Another thing that was a bit strange, was that there was a number of lines of code commented out in the code files. This looked like old, deprecated code and this probably should not be present in code that is released to the public. This code could easily be removed, but it made the files more messy.
Overall, some more detailed comments on what is done where in the code would have been very helpful. Namely because the alternating use of HTML blocks and PHP code blocks make the code less easy to comprehend, small comments which give the overall course of the process would really help.
For the fluxBB system itself, we would have liked some more documentation in the form of the arguments that the function can get, what the returned variable would probably look like and some pre and post conditions for the function. This all would make it also possible to generate some decent PHPDoc. When these pre and postconditions were formulated by the developer, we could learn more about the design choices that the developer made and the assumptions he made which are relevant for security. For example assumptions about the quality of the arguments. Do the arguments need to be sanitized before they are used as input for the function, or is this still done by the function itself. Can the output of the function be trusted or not? This would be some sort of implicit tainting of the variables which make the analysis a lot easier, because you know what goals the developer had when writing the code inside the function. This makes it easier to check if the goals were met and it could be used as a guideline for analyzing the global code structure.
Documentation of the PUN global objects
Most of the state information of the forum, is passed from the fluxBB forum base code to the modules in the form of global objects. These objects for example consisted of the user data (userid, username, user preferences), forum configuration settings, language definition etc. Here, we assume that the variables contain objects, but it is also possible for some variables that they are arrays or matrices.

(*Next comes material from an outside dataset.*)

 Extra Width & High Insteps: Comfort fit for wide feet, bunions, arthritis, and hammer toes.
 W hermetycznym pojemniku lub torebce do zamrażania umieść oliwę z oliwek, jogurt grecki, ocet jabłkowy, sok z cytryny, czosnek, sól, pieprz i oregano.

The "recall" of these globals is done in the initialization code of the PMS module:
common_pmsn.php Line 18: global $pun_config, $pun_user, $lang_pmsn, $lang_common, $pmsn_kol_list, $pmsn_kol_new, $pmsn_kol_save;
First of all, we do not think that this is the most decent way of passing information between different functions of the system. The use of globals should be avoided because they can be changed everywhere in the code that is included. (You can just retrieve them by redeclaration of the same global variables). When someone is able to include some code in the form of a Local File Inclusion or a Remote File Inclusion vulnerability, he is able to change every aspect of this global object.

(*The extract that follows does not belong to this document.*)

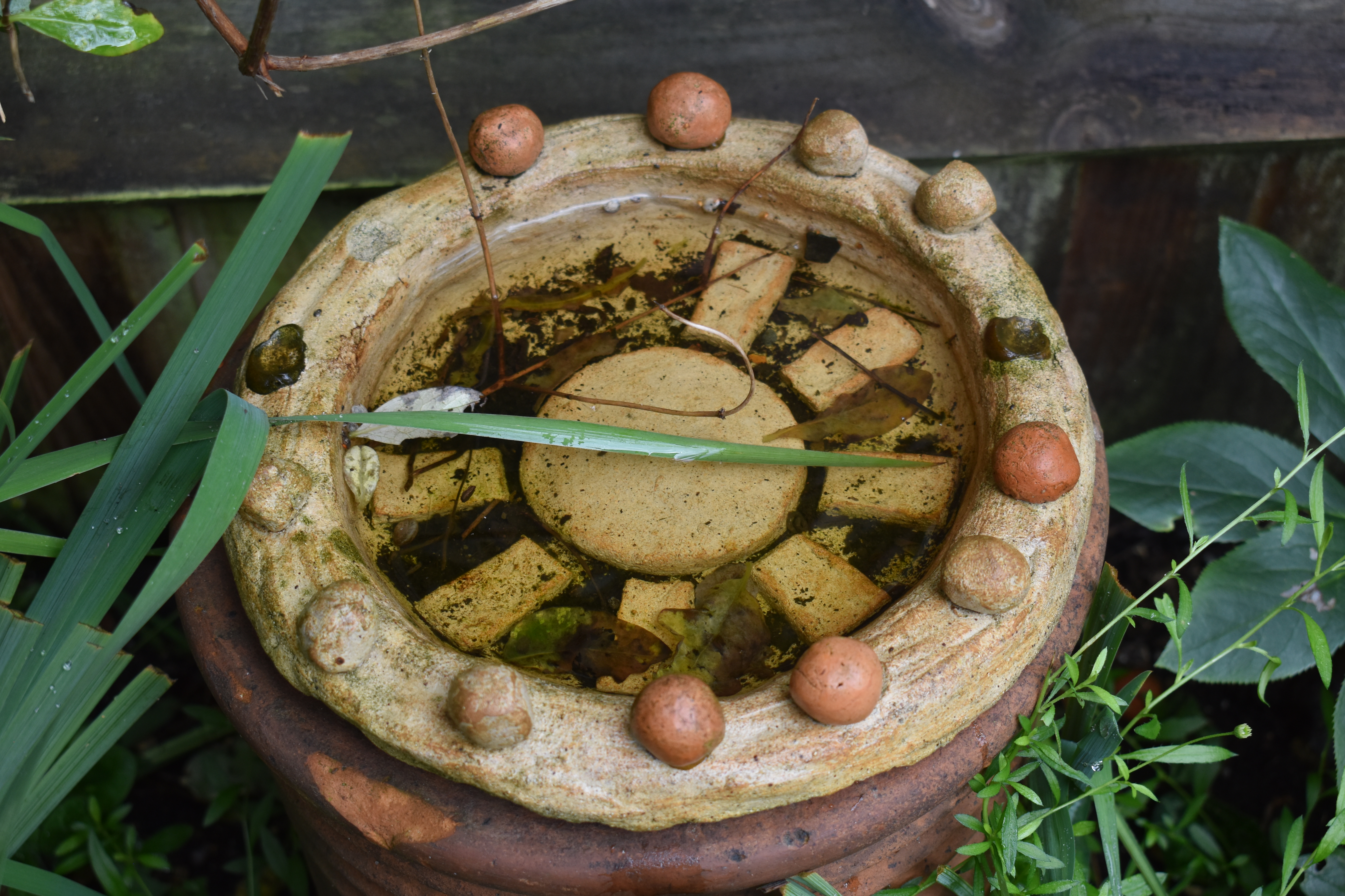 In the front garden in one of our ‘Doughnut’ beds we have a few pieces working together to enhance the planting.

But, for the documentation part, we would like the same documentation for the layout of the global objects as we would have liked to have for the functions. Information about what data format is expected for every field of the object. What can be assumed from the data that we can retrieve from the global objects and what is the overall layout of the objects. Now, we can only find what properties the objects have by dumping the contents at a certain place in the code (with var_dump()) or we can analyze all the places where information is assigned to fields (or attributes) of the objects. Because the objects are globals, this assignment can be done everywhere in the code of the whole system. This makes it very hard to analyze.